TAGS: weight room, todaro, time, ncaa, college, trianing, conditioning, athlete, strength training

We all know that you can spend all day lifting, conditioning, and running agility drills. There just isn't enough time in the day whether we’re talking about a student athlete who has NCAA regulations on time spent strength training and conditioning or maybe even a professional athlete who has a hectic travel schedule mixed in with a personal life and family.

It is vital to the success of the athlete that he or she is getting the most out of every second in the weight room and in practice. There are a few things that a strength and conditioning coach or an athlete can do to maximize the valuable time spent in the weight room and become an efficient, athletic machine.

  1. Be on time and ready. Nobody likes waiting for anyone. This is the ultimate waste of time for both the strength and conditioning coach and the athlete. When a training session begins at 1:00 p.m., it doesn’t mean 1:03 p.m. or 1:05 p.m. It means that at 1:00 p.m. the coach should be there and have the weight room ready for the athletes, and the athletes should be present and mentally and physically prepared to train. Physically prepared means being properly dressed, having your shoes tied, and getting any taping or bracing on and ready to go prior to entering the weight room. By being mentally prepared, I mean that a few minutes before entering the weight room, each athlete should use visualization and other techniques of sport psychology to be prepared to get through a mentally and physically taxing working. If all this is done, everyone involved can ensure that the workout can start on time and move along smoothly.
  1. Believe in the strength and conditioning coach and the program. When a strength and conditioning coach writes a program, they didn’t just dust off an old workout that was used for the last ten years. Hopefully, they took their time, education, professional experience, and personal philosophy to create a sport-specific and individualized program and each workout within it. The coach firmly intended that each exercise be done on that particular day. It’s of no benefit if the athlete doesn’t get all the way through the workout on most days and cuts the last exercise out of the program because of lack of time. Each day, every exercise in the workout should be completed. There should be no cutting out of reps, sets, or complete exercises. Although some exercises have a greater priority in reaching a particular training effect, all exercises chosen by the strength and conditioning coach are necessary for a complete and well-rounded program.
  1. Keep conversation limited to the task at hand. One characteristic that separates human beings from lower forms of life is our ability to freely communicate with each other. So while lifting, it is inevitable that the exchange of words and conversation will take place. It’s OK to talk to those you’re lifting with and others in the weight room as long as they are words of encouragement or motivation. It isn’t OK to discuss personal issues, weekend plans, or debate the latest sports topic. Unnecessary and impertinent talking not only takes away from those who are talking, it also distracts others by drawing them to chime in on the conversation rather than do what they should be doing and concentrate on what they should be concentrating on, which is getting the work done. So the next time you’re thinking about asking your training partner about who he thinks is going to win the playoff game, just tell him that he’s doing a great job, and if he isn’t, tell him to squat a little lower.
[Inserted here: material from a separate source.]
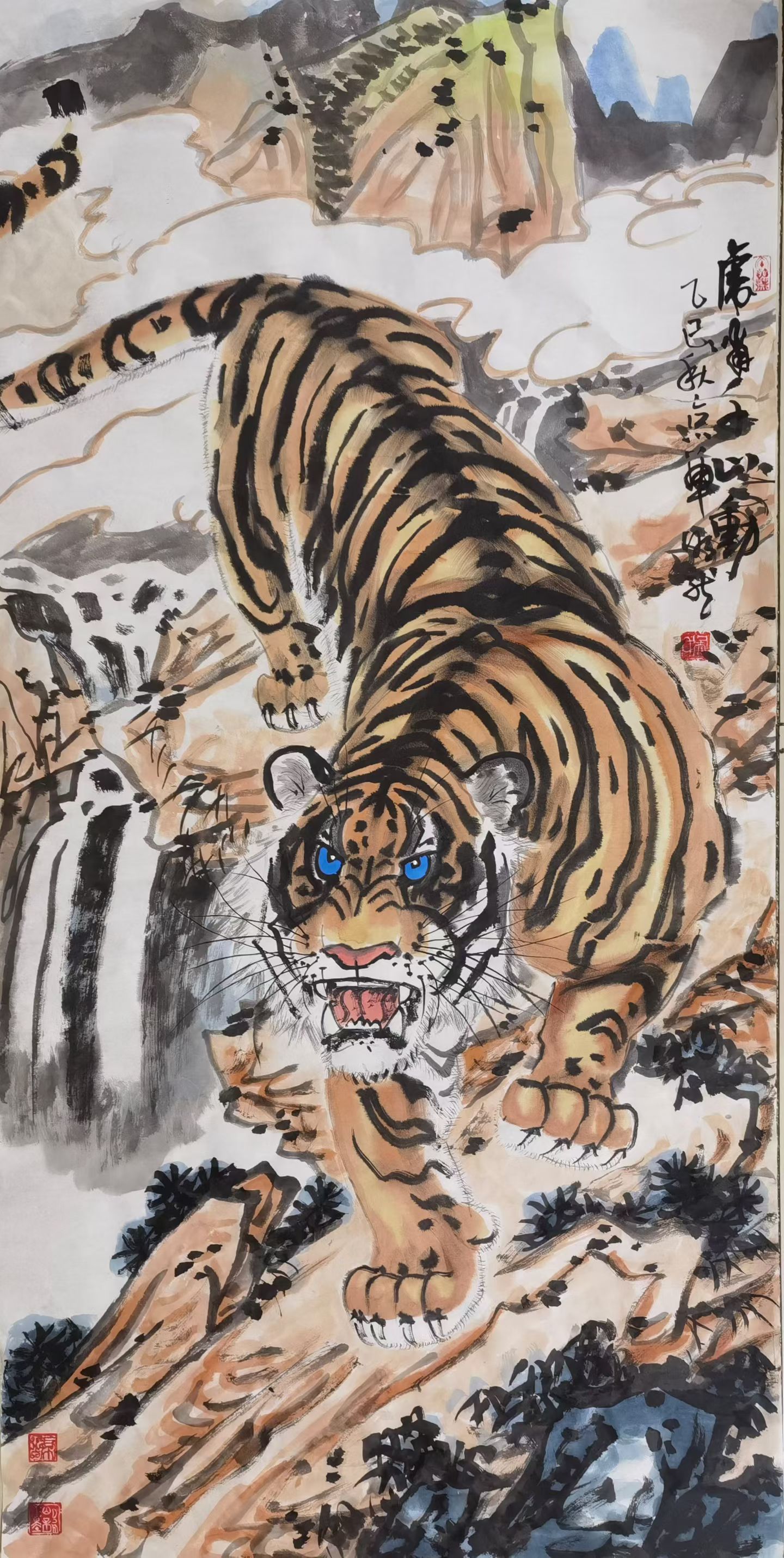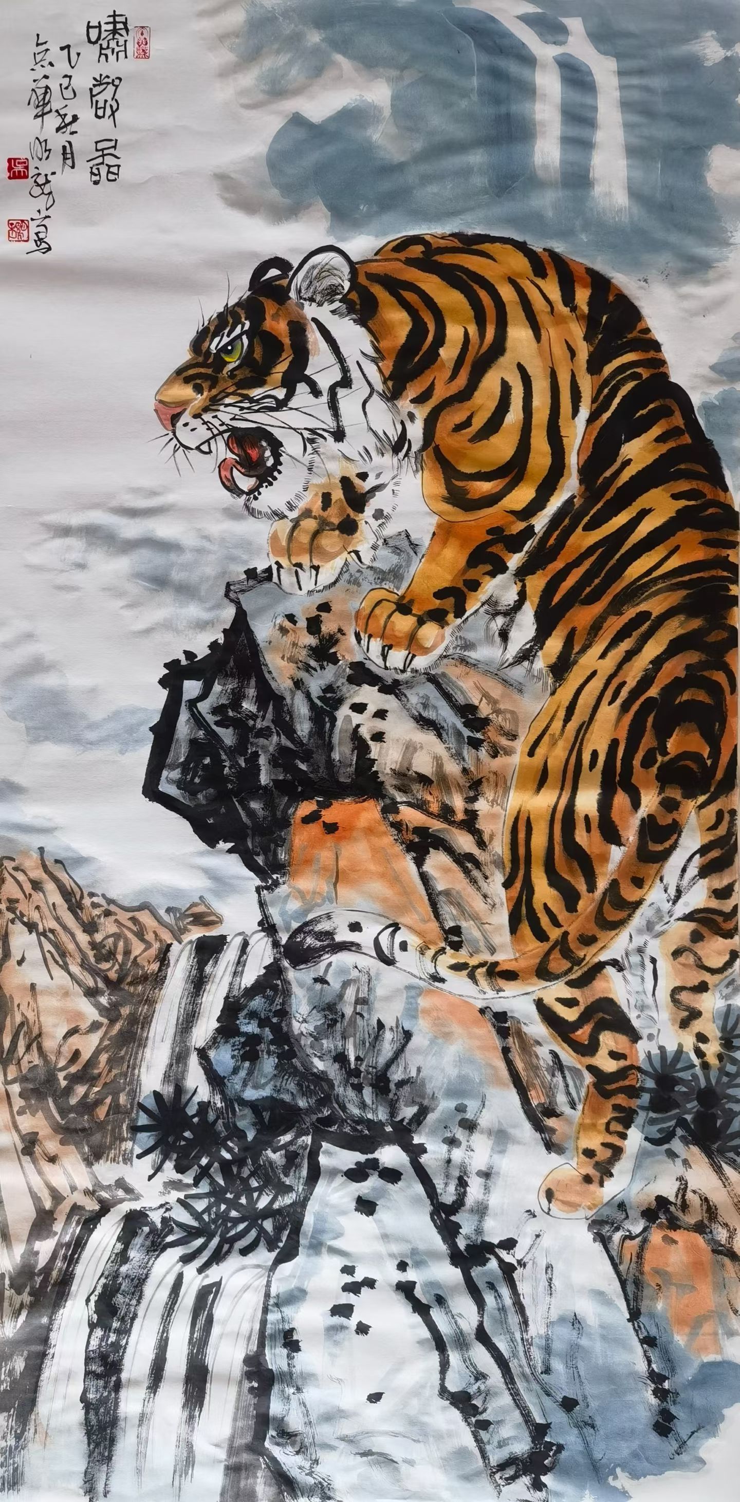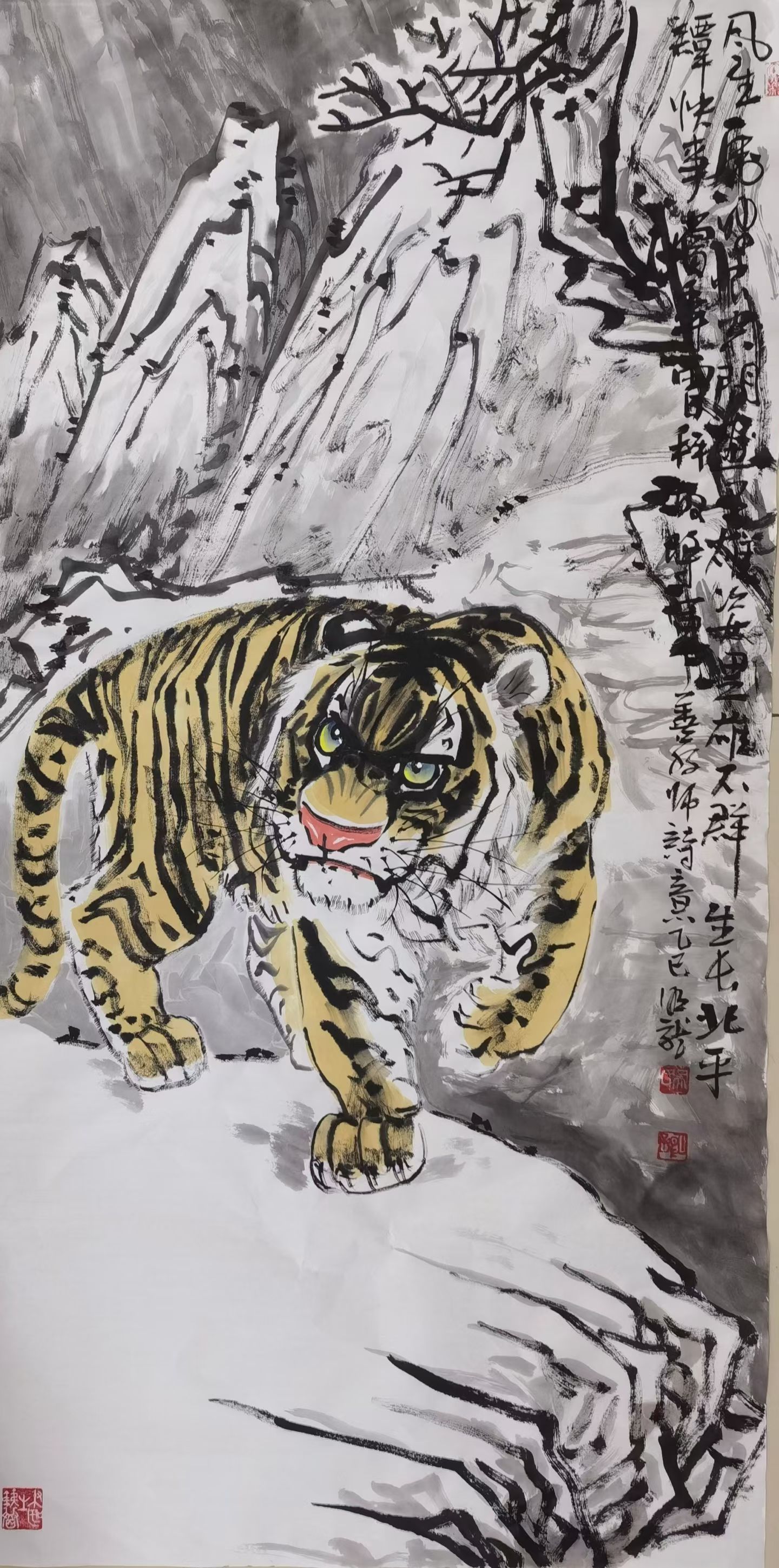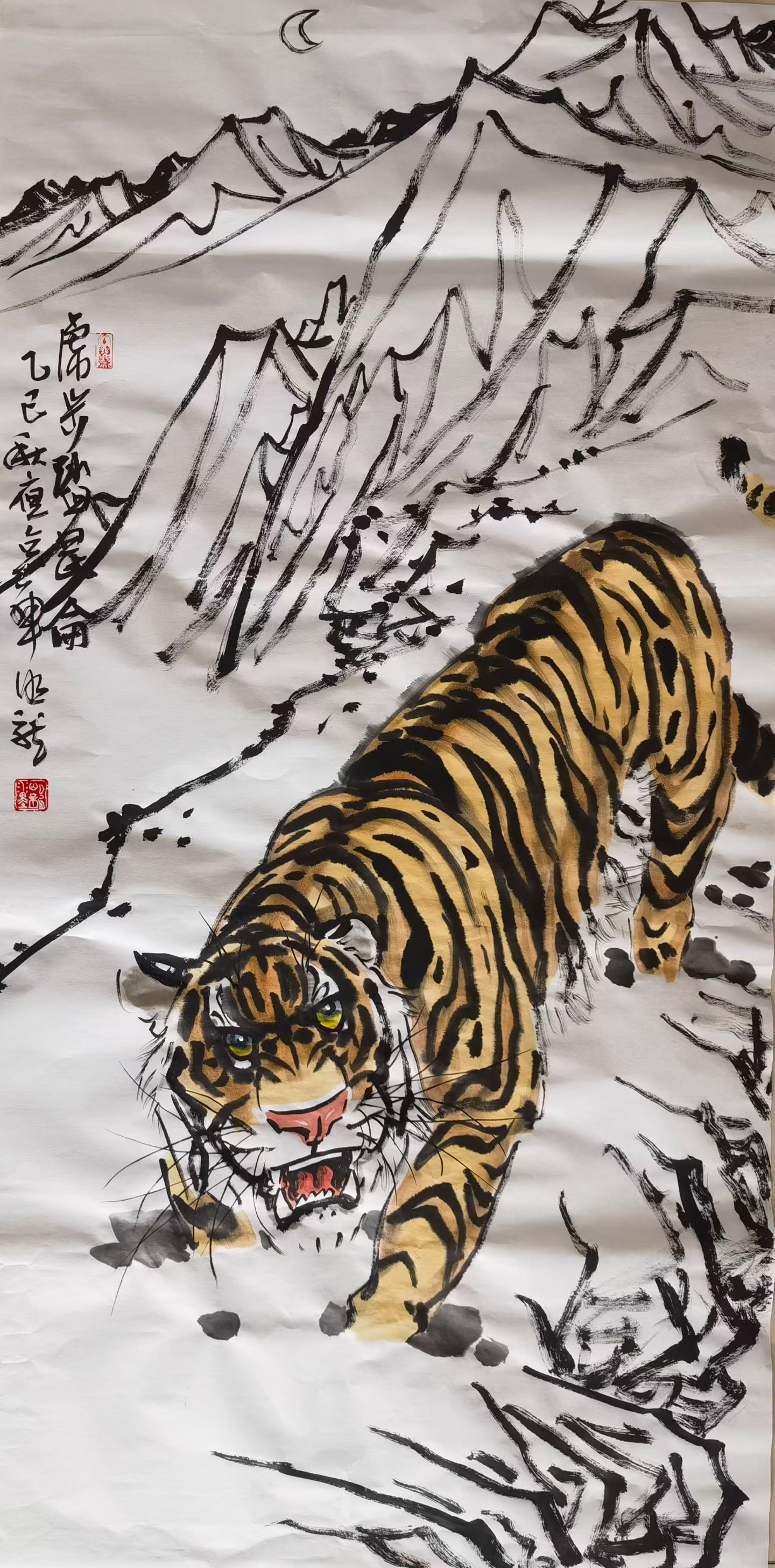 明龙兄画虎,笔墨老辣酣畅,纵横挥洒,山君形神兼备,威猛英武,虎躯顶天立地,虎目炯炯如炬,王者之气凌然纸上。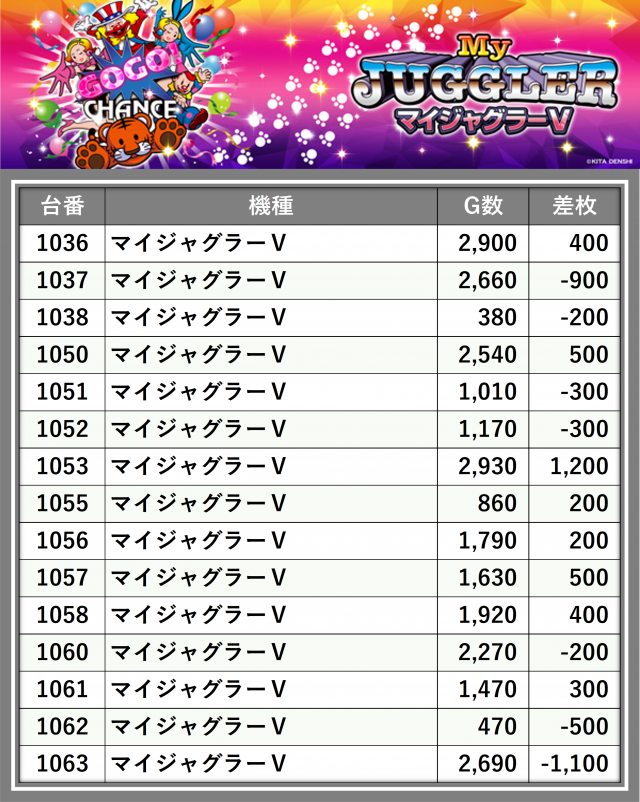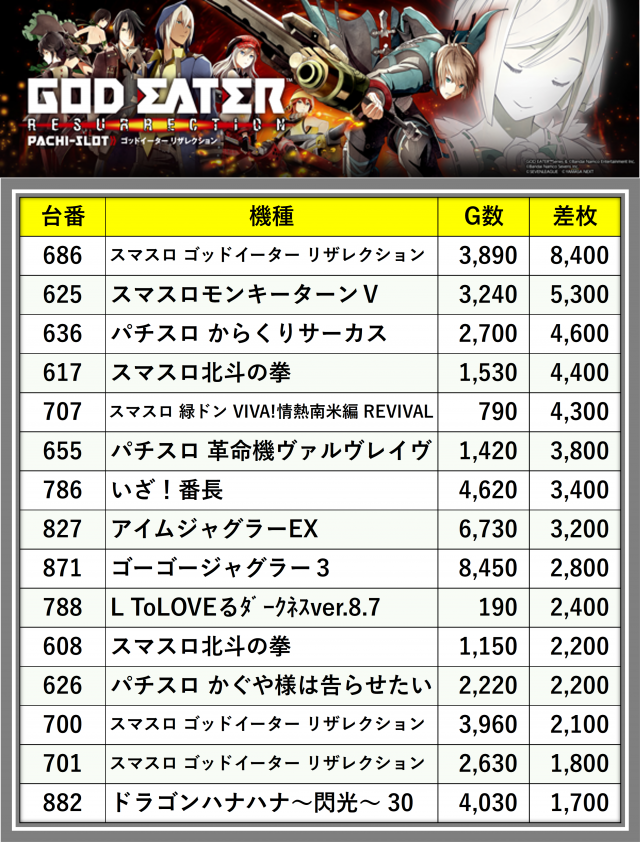 厳選された取材対象機種をはじめ、その他スロット全体から好記録が飛び出した!プレイヤーが楽しんだ1日を下記データにて振り返ってみて欲しい。

4.            Be strict with timed rest periods. While writing a resistance training program, rest periods often take a backseat to other acute program variables such as exercise selection, volume, and intensity due to trying to get a significant amount of work done to achieve a training response in a relatively limited amount of time. Although they aren’t always called attention to or followed, strict adherence to rest periods is vital to the success of the program by allowing for necessary force production in each set and/or endurance adaptations that it aims to achieve. Some athletes won’t take enough time in between sets, and on the other hand, slackers will slack. Neither one is good for the program. Have rest periods timed either by a common clock for the entire weight room or even something as simple as a wristwatch. Toward the end of the rest period, the athlete should assume the starting position for the next set so that when the rest period ends, the athlete can begin the next set immediately with no wasted time. Many times the athlete doesn’t even begin to think about the next set until the rest period has expired and then wastes the next five or ten seconds grabbing the dumbbells or positioning themselves under the bar. Ten seconds wasted each set over forty or fifty sets of exercises is six or seven minutes that could have been used to do those final abdominal exercises that get neglected day after day.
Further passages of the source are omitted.